Williams was the first in a series of cases decided by the Court during the 1970s that overturned centuries of legal tradition, namely, the long-established universal practice and common understanding that the constitutionally required trial jury consisted of twelve persons who decided unanimously: Landry v. Hoepfner (1988), Colgrove v. Battin (1973), Ballew v. Georgia (1978), Johnson v. Louisiana (1972), Apodaca v. Oregon (1972), and Burch v. Louisiana (1979). Williams held that six-person state criminal juries were constitutionally adequate because they were functionally equivalent to twelve-person juries. The ruling was particularly unexpected because only two years earlier the Court had extended the Sixth Amendment right to trial by jury to the states in Duncan v. Louisiana (1968).
Nearly all commentators on Williams regarded the Court's reasoning and sense of evidence as bizarre. A close reading of Justice Byron White's opinion made it clear that there was no constitutional or factual support for the ruling. The Court cited several items of “evidence” to support its assertion of functional equivalence—ranging from a statement that “it could be argued that there would be no differences,” to a trial judge's thought on the economies of smaller juries. None of the items were competent evidence and most of them were not even relevant to the issue at hand.

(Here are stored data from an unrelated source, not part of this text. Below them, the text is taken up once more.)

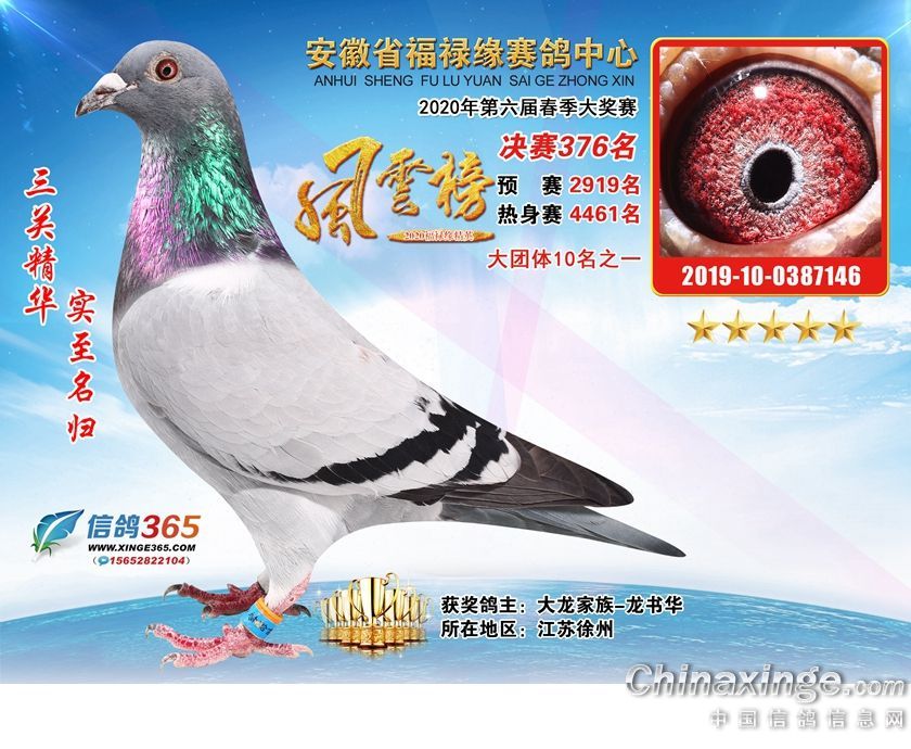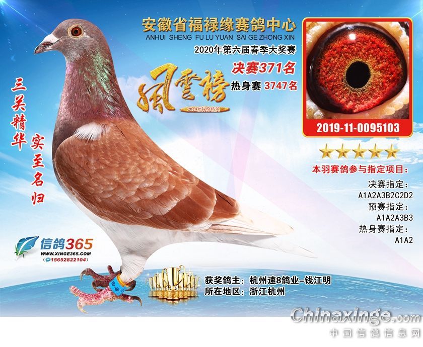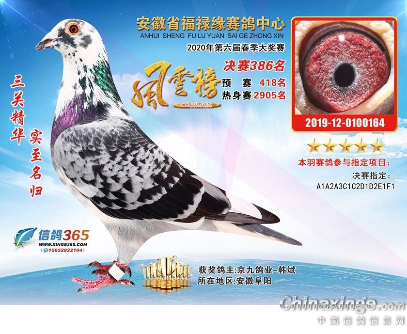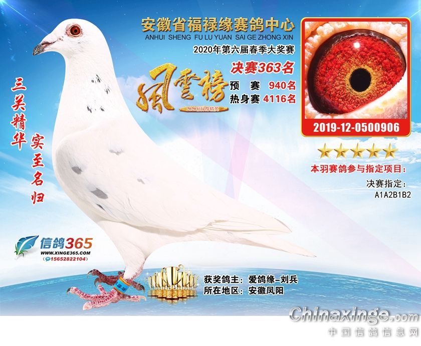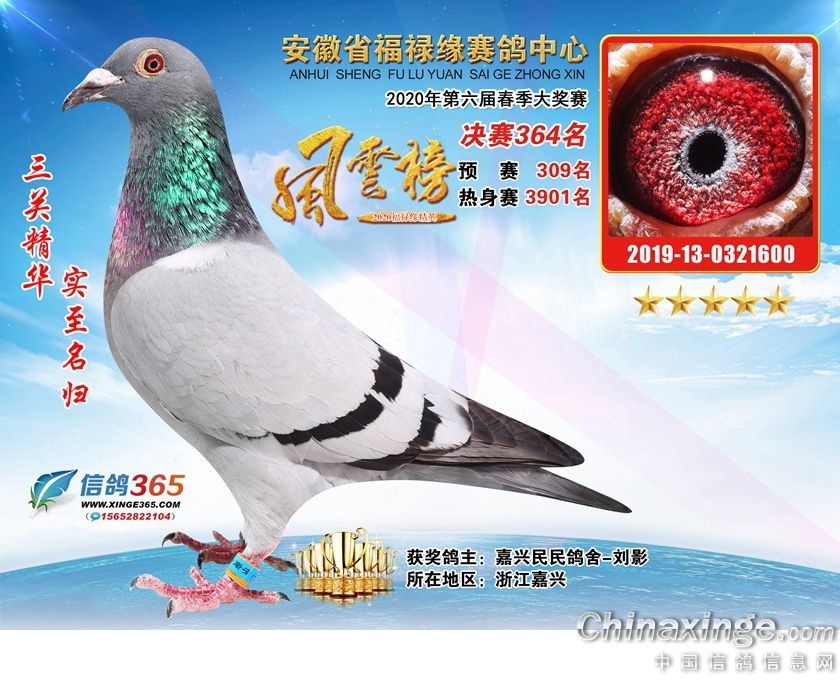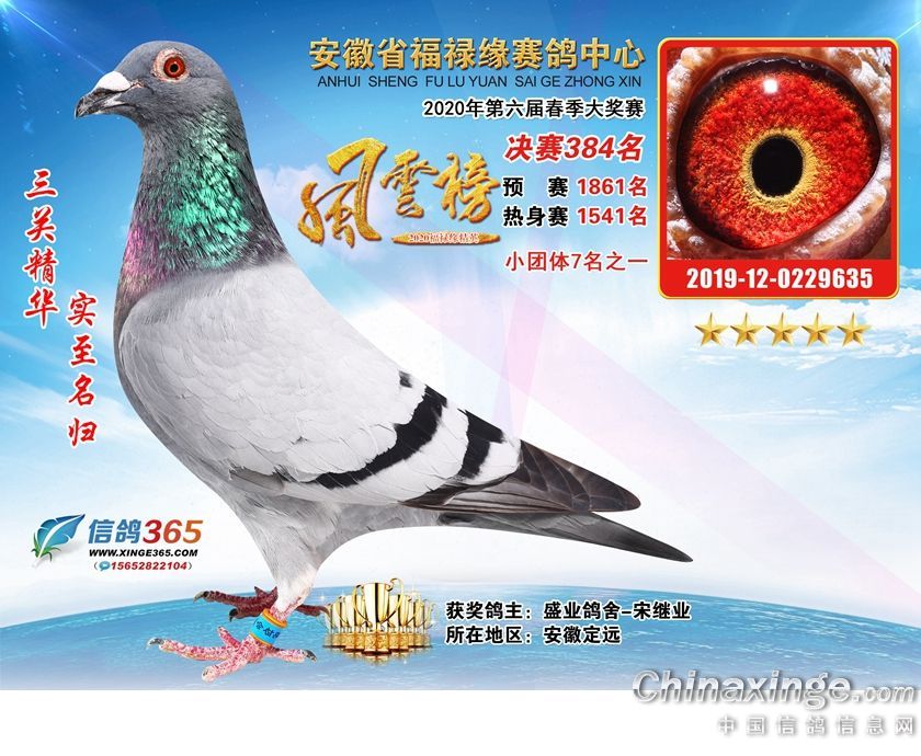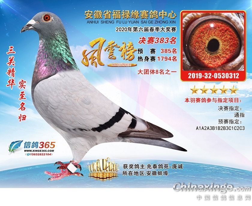 作品说明: 安徽福禄缘赛鸽中心2020年获奖鸽361-390名
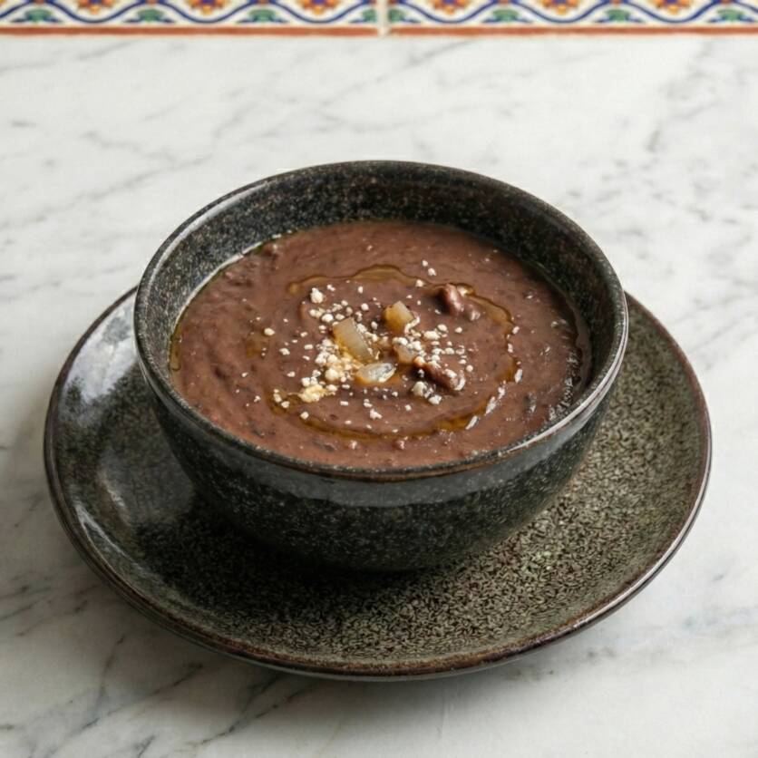 Frijoles negros refritos estilo orizaba, lentamente con la receta tradicional, sazonados con hoja de aguatillo silvestre que les da un aroma y sabor inigualable.
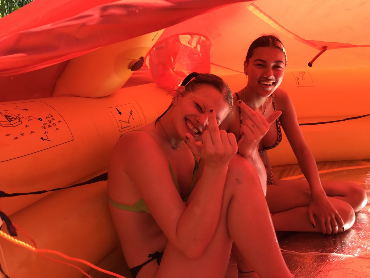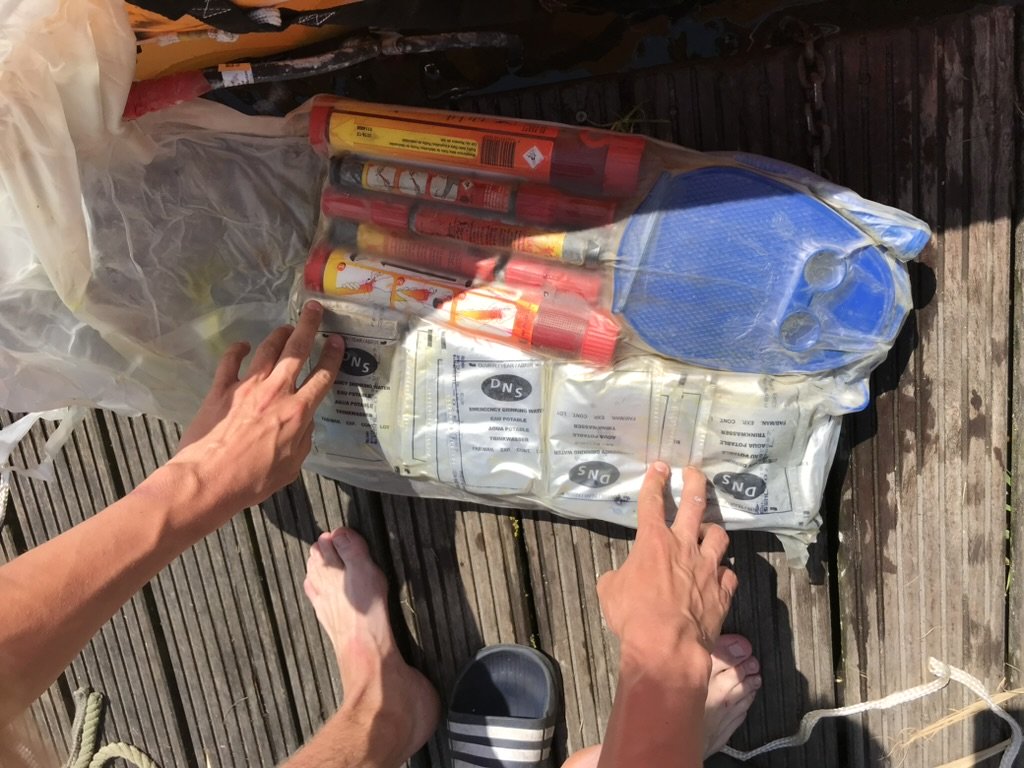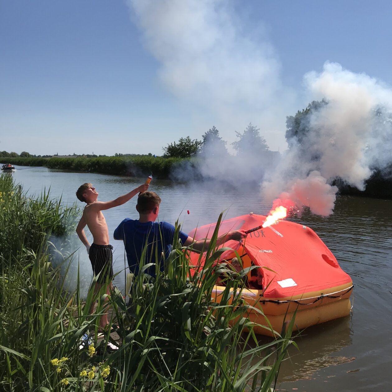 Ons vlot voldeed aan alle verwachtingen en blies zichzelf heel vlot op: van cocon naar een enorme, feloranje dobber. Aan boord bleek ook een soort noodpakket aanwezig te zijn. De noodvuurpijl was al gauw enthousiast gevonden. Net toen ik zei: “Niet afsteken!”, schoot de pijl als een raket uit de rietschoot en knalde op een kilometer hoogte met een enorme klap uit elkaar. Een hel oranje licht, dat tot in Amsterdam gezien kon worden, daalde heel langzaam aan een miniparachute naar beneden.

The reviews of Williams were scathing. The only difference in opinion was whether the Court had been willfully or naively ignorant. Three years later in Colegrove v. Battin (1973), which authorized six-person civil juries for the federal courts, the Court answered the question in favor of willfulness. It boldly reasserted the Williams “proofs,” added further flawed materials to the evidentiary array, and rebuked the critics of Williams as unpersuasive. For whatever reasons, the Court wanted smaller juries and got them.